• _Assigned task_
Any picture among the records should be left out, please; retype the rest exactly.

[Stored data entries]

- Opening Delimiter -

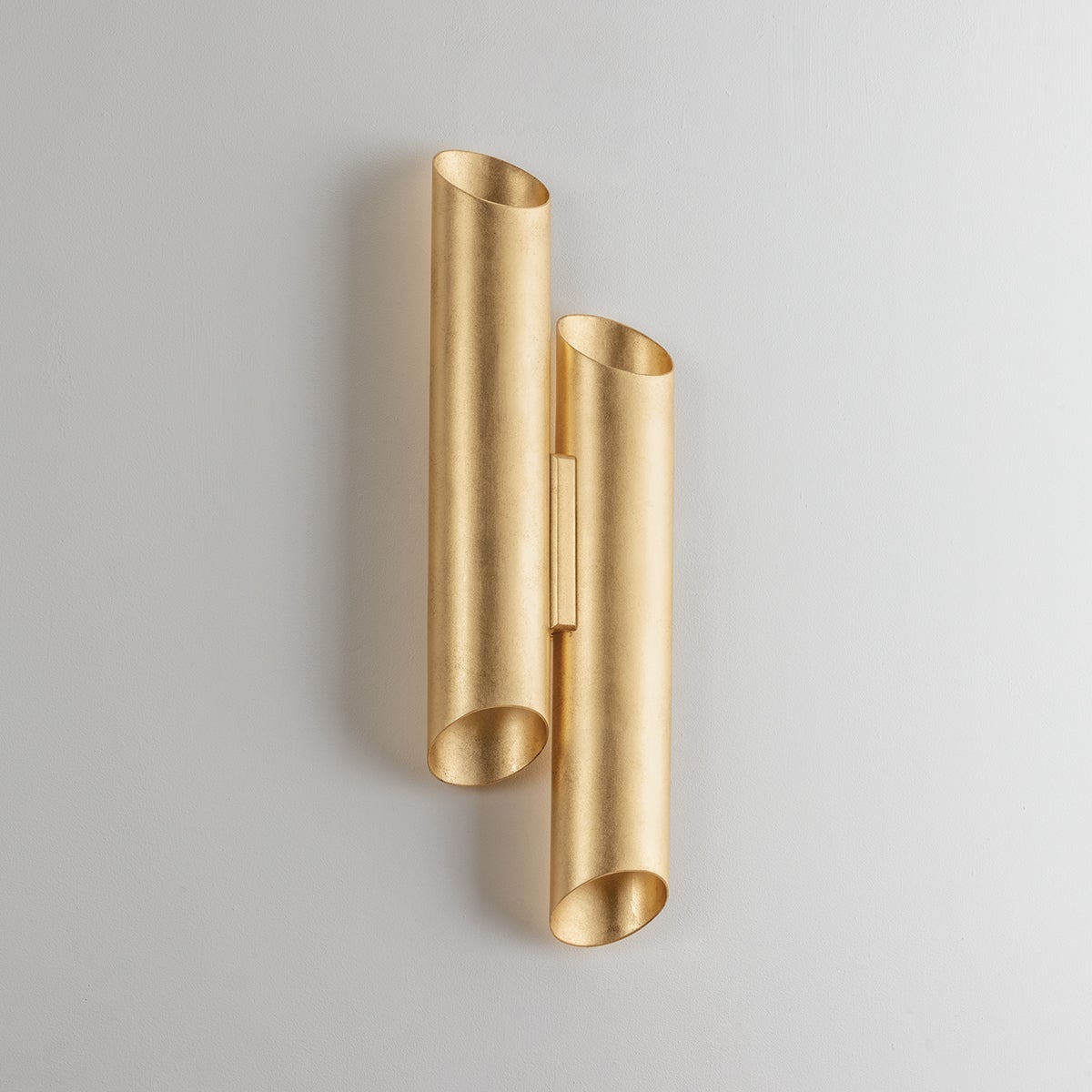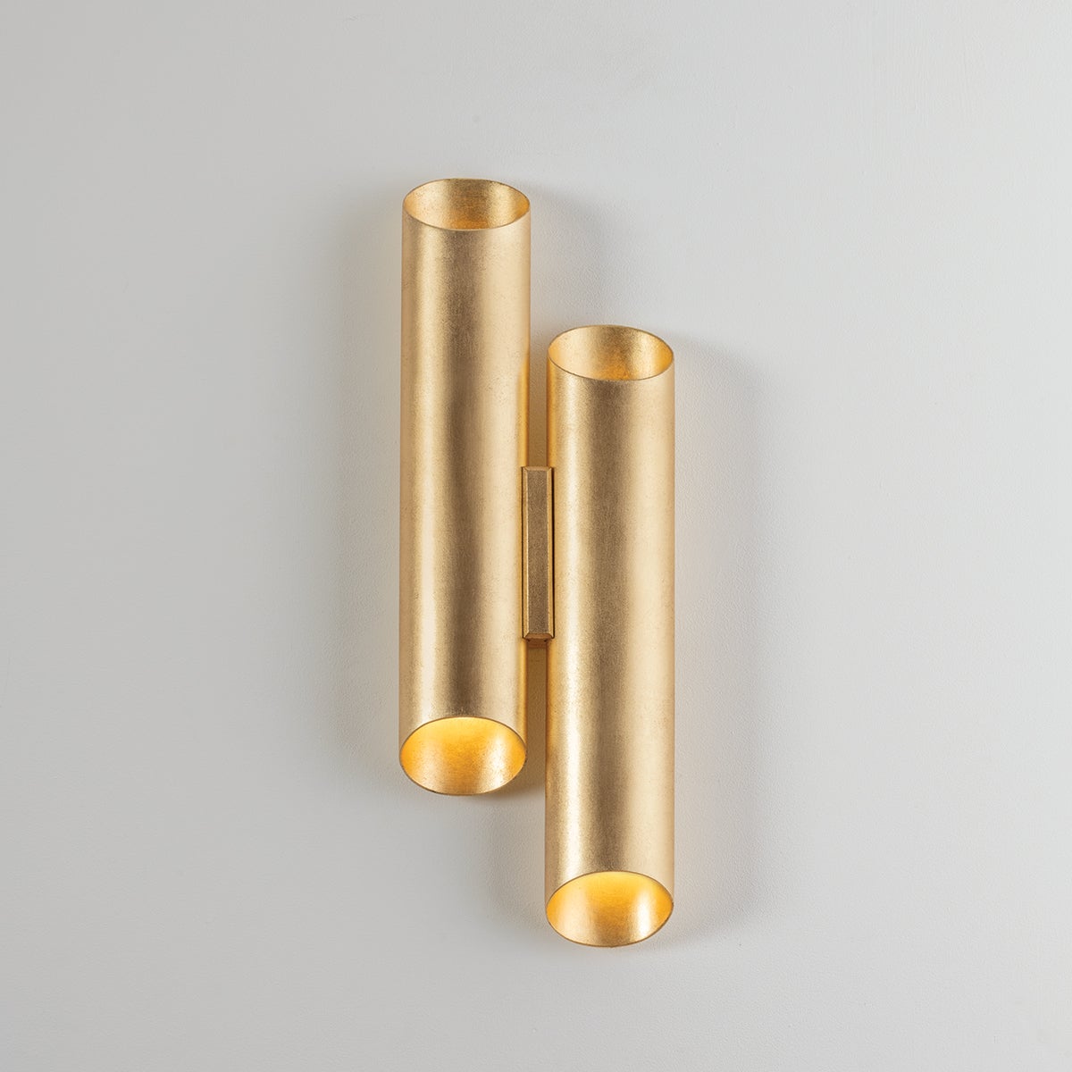 The eye-catching asymmetric design of Rylane features two vertical tubular shades finished in lustrous Vintage Gold Leaf. The cylindrical forms contain two lights each, directing light both up and down. Adding a romantic glow to soft lighting schemes, this organic-inspired sconce is a modern treasure.
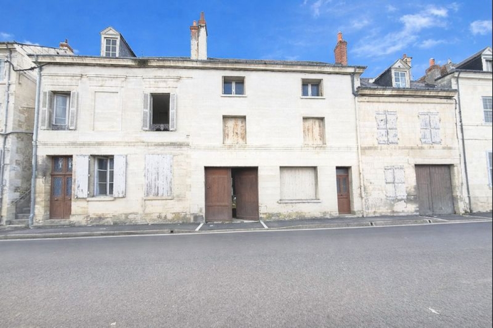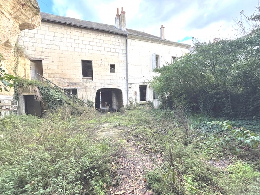 Centre Loches, Maison ancienne de ville de 110 m² à restaurer avec autre maison mitoyenne à refaire intégralement avec cour et caves.
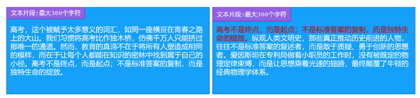 我们解决的办法就是让两个片段存储的内容有重叠的部分,上一个片段的末尾与下一个片段的开头重复,这样就可以保持语义的连贯性了。比如我把高考不是重点, 而是起点...这句话存储到第二个片段的开头就能解决这个问题,咱们第二个参数就是用于指定重叠部分字符的数量。
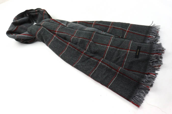 エストネーション マフラー ストール チェック柄 ブランド レディース メンズ グレー ESTNATION 【中古】
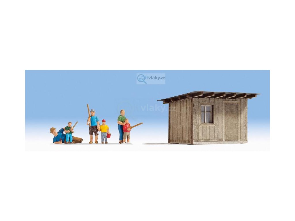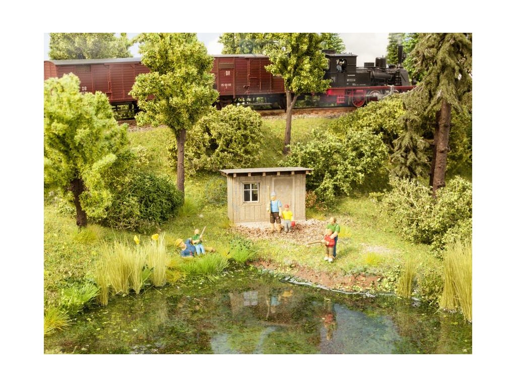 H0 - Pohoda u rybníka, figurky a kůlna / NOCH 12036
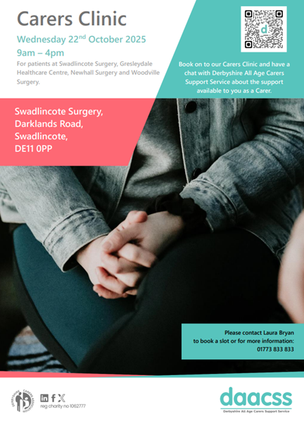 - VENUE – Swadlincote Surgery, Darklands Road, Swadlincote, DE11 0PP
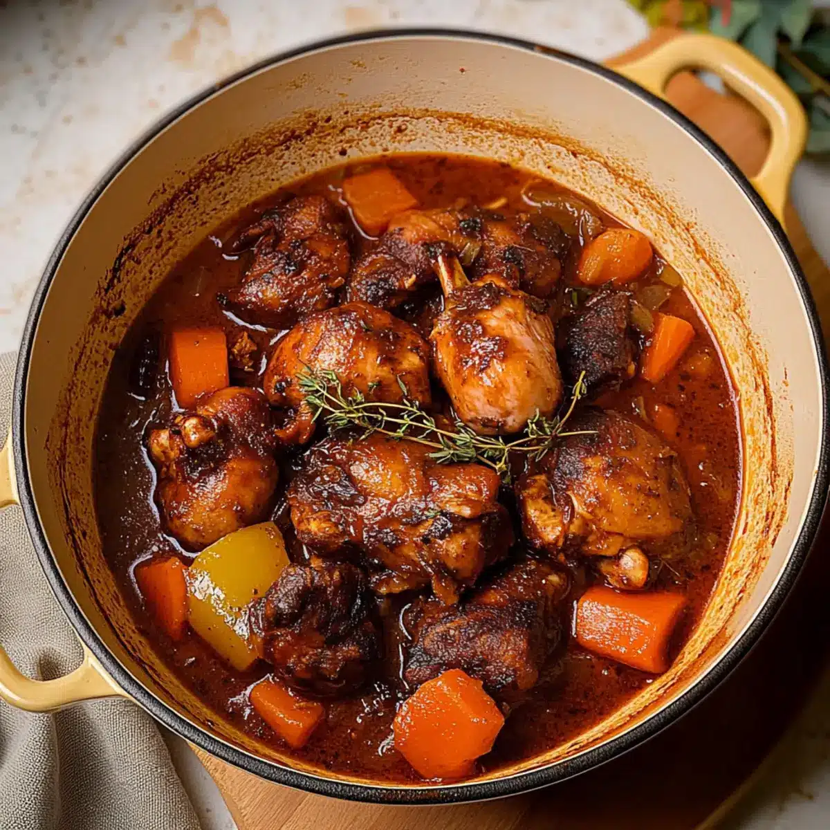 Heat a large pot or Dutch oven over medium-high heat, adding a splash of vegetable oil. Once hot, place the marinated chicken pieces in the pot, skin-side down. Sear for about 5-7 minutes until beautifully browned and crispy. Flip the pieces to brown the other side for an additional 5 minutes, then transfer the chicken to a plate and set aside.
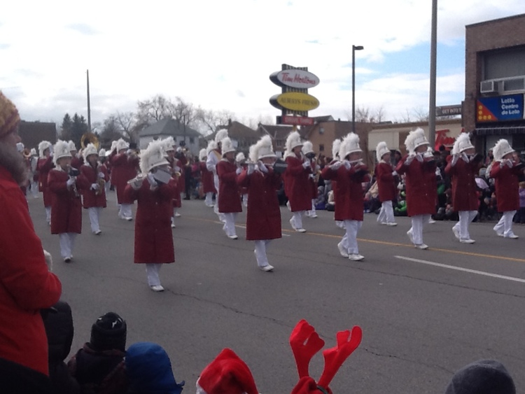 - en-CA Marching band in the Santa Claus Parade, taken from in front of the Niagara Falls Public Library on Victoria Ave.
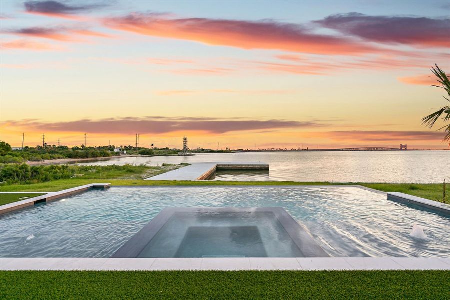 Stunning waterfront home offering panoramic views, an expansive open-concept design, infinity edge pool, and a private dock with a helicopter pad. Step inside this new construction home to find soaring ceilings, walls of windows that maximize the views, hardwood flooring throughout, extensive built-ins, and gorgeous designer finishes. The gourmet kitchen boasts double islands, professional grade appliances, abundant custom cabinetry, Neolith porcelain countertops, a built-in coffee bar w/a water hook-up, and a custom bar area w/an ice maker & beverage fridge. Luxurious primary suite, custom bunk room, custom built-ins in all closets, laundry rooms on both levels, beautiful bathroom designs, and more. Enjoy indoor-outdoor living with over 1,400 sq ft of covered porches. Spacious open garage can accommodate at least 7 vehicles. Enjoy sunsets over the water from the beautiful swimming pool, or fish off of the private dock that can also be used as a helipad or to dock your boat.

- Closing Delimiter -

• _Your solution_
 The eye-catching asymmetric design of Rylane features two vertical tubular shades finished in lustrous Vintage Gold Leaf. The cylindrical forms contain two lights each, directing light both up and down. Adding a romantic glow to soft lighting schemes, this organic-inspired sconce is a modern treasure.
 Centre Loches, Maison ancienne de ville de 110 m² à restaurer avec autre maison mitoyenne à refaire intégralement avec cour et caves.
 我们解决的办法就是让两个片段存储的内容有重叠的部分,上一个片段的末尾与下一个片段的开头重复,这样就可以保持语义的连贯性了。比如我把高考不是重点, 而是起点...这句话存储到第二个片段的开头就能解决这个问题,咱们第二个参数就是用于指定重叠部分字符的数量。
 エストネーション マフラー ストール チェック柄 ブランド レディース メンズ グレー ESTNATION 【中古】
 H0 - Pohoda u rybníka, figurky a kůlna / NOCH 12036
 - VENUE – Swadlincote Surgery, Darklands Road, Swadlincote, DE11 0PP
 Heat a large pot or Dutch oven over medium-high heat, adding a splash of vegetable oil. Once hot, place the marinated chicken pieces in the pot, skin-side down. Sear for about 5-7 minutes until beautifully browned and crispy. Flip the pieces to brown the other side for an additional 5 minutes, then transfer the chicken to a plate and set aside.
 - en-CA Marching band in the Santa Claus Parade, taken from in front of the Niagara Falls Public Library on Victoria Ave.
 Stunning waterfront home offering panoramic views, an expansive open-concept design, infinity edge pool, and a private dock with a helicopter pad. Step inside this new construction home to find soaring ceilings, walls of windows that maximize the views, hardwood flooring throughout, extensive built-ins, and gorgeous designer finishes. The gourmet kitchen boasts double islands, professional grade appliances, abundant custom cabinetry, Neolith porcelain countertops, a built-in coffee bar w/a water hook-up, and a custom bar area w/an ice maker & beverage fridge. Luxurious primary suite, custom bunk room, custom built-ins in all closets, laundry rooms on both levels, beautiful bathroom designs, and more. Enjoy indoor-outdoor living with over 1,400 sq ft of covered porches. Spacious open garage can accommodate at least 7 vehicles. Enjoy sunsets over the water from the beautiful swimming pool, or fish off of the private dock that can also be used as a helipad or to dock your boat.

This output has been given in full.